Implementing any changes will be a substantial logistical challenge, however, with dramatic knock-on effects across the economy. There have been no major economic reforms since the 2011 conflict.

Korean firms to return?

South Korean firms are reportedly looking to resume work on various power plants, but it remains to be seen whether security conditions and contractual agreements will enable them to do so.

Meetings have been held in the past few months between the GNA and various firms, including Hyundai, Daewoo and Doosan, which all had significant contracts as of 2011 but have since suspended work.

Following the kidnapping of foreign workers from the Ubari plant in November, Korean firms requested that security plans and guarantees be put in place as a condition of restarting work.

Oil output

Libya’s crude output rose strongly last year - a major bright spot in the economy - and is currently hovering around the 950,000 bpd mark.

The NOC is thought to require significant new funds to ramp up output much further, however, and has been pushing the GNA to finalise its budget as quickly as possible.

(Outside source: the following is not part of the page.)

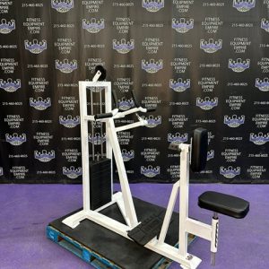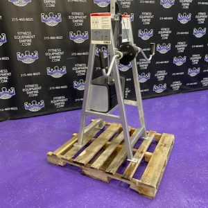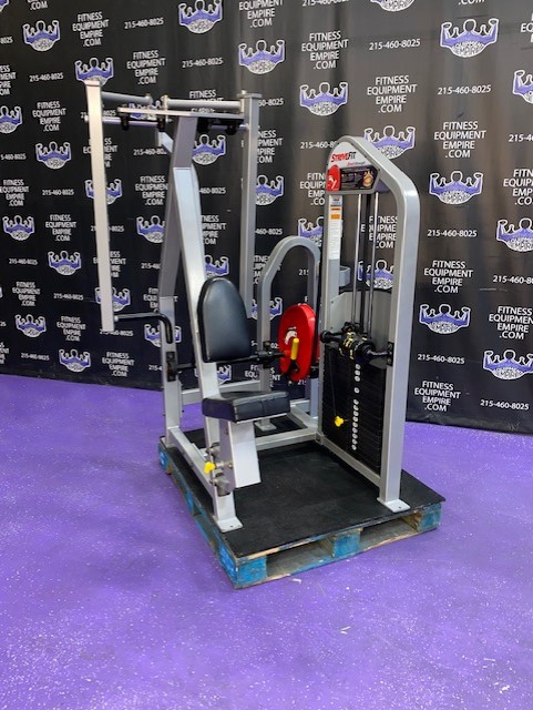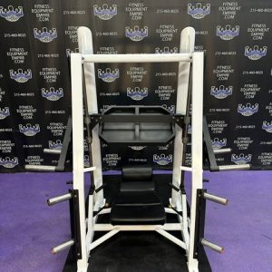 Hammer Strength plate loaded ISO lateral jammer press. This is essentially a standing chest press, (you can also add an adjustable bench and perform seated presses). These are often used by athletes, football players, etc. It’s a very powerful movement that will greatly increase your upper body strength, chest and shoulder development. These units are very common in NFL and NCAA training facilities. Unit is priced to sell.

The first well in the second phase of Eni's offshore Bahr Essalam gas project set to start production in May, while the Bayda field in eastern Libya is expected to return to its nominal capacity in the first half of the year. 

However further disruption from attacks, closures and random acts of sabotage is likely to hamper the NOC's laudable efforts to boost production and stay out of the political fray.

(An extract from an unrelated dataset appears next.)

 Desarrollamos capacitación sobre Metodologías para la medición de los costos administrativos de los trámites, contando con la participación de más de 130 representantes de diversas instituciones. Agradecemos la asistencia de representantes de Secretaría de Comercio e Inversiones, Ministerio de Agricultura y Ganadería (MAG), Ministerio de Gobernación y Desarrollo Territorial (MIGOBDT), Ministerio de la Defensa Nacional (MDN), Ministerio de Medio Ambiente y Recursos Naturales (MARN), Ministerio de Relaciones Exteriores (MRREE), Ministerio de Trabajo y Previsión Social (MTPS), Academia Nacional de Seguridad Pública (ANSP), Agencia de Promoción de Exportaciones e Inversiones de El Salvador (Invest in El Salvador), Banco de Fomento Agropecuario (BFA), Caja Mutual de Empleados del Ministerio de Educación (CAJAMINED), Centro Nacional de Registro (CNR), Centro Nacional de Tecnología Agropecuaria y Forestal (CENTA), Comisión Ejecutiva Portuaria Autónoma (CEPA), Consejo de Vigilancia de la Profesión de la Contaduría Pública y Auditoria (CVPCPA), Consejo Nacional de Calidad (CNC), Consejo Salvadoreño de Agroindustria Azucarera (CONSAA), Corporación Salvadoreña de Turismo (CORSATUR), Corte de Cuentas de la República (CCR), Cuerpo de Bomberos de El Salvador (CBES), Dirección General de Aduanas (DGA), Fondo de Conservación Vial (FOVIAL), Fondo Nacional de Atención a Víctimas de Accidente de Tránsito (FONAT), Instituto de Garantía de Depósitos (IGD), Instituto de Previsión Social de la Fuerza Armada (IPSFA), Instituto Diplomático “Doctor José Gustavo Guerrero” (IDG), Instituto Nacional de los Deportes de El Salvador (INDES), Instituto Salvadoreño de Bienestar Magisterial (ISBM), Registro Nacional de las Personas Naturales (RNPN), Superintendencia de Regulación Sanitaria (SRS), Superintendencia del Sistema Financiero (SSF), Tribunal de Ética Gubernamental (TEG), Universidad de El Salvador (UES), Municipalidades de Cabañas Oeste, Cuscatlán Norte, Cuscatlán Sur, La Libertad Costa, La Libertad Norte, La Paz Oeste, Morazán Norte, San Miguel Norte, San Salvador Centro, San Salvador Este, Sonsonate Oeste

Tobruq desalination project 

As of last month, installation work on the new evaporator at the Tobruq desalination plant was in its "final phase," suggesting that the upgrade project being carried out by Austria's Wabag is moving along.

This upgrade will raise the plant's capacity from 36,000 to 50,000 cubic meters per day.

Power capacity

Key projects to watch this year will include the planned 650MW Tobruq gas plant, agreed last year in a $400m EPC contract with Greek power firm Metka.

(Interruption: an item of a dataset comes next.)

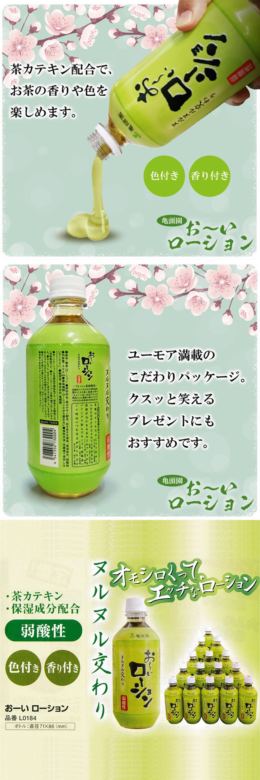 | 日本原裝進口龜頭園弱酸性綠茶風味水溶性潤滑液500ml

The long-delayed Ubari power plant, in southern Libya, should also theoretically start full operations this year, but has been plagued by security and logistics issues.

Meanwhile Korean firms may return to work on the Tripoli West, Khaleej, and Zueitina power plants, which have a total capacity of 3,000MW.

Siemens has signed two EPC contracts, worth €700m total, that are expected to add 1.3GW of capacity. They involve a 650MW open cycle power plant in Misrata with two F-class gas turbines, and a 690MW open cycle power plant in Tripoli West with four E-class gas turbines.
 
Blackouts continue to be regular occurrences across many areas, however.
 

Overseas trade

Trade levels have dropped sharply in the past few years, partly due to the economic slowdown, security concerns, and ongoing problems at borders.
 
Turkish exports to Libya continued to fall in the third quarter of 2017, for example, down 18% compared to the same period in 2016, while Tunisian exports to Libya dropped by 8.2% y-o-y in the first nine months of 2017.
 
A pick-up this year will depend on domestic demand levels and conditions at the key air, sea and land border points.
 

Cash and electronic payments

Libya continues to suffer from a cash shortage, with withdrawal caps still imposed by banks in most areas.

Both the Tripoli and Bayda CBLs have been printing new money - from the UK and Russia respectively - and it will be worth watching how many new Dinars make it into circulation this year.

A silver lining to this cloud has been more urgent efforts to push mobile and electronic payments.

Many banks have introduced new initiatives for retailers and consumers to access money and facilitate transactions, and this trend looks likely to persist this year.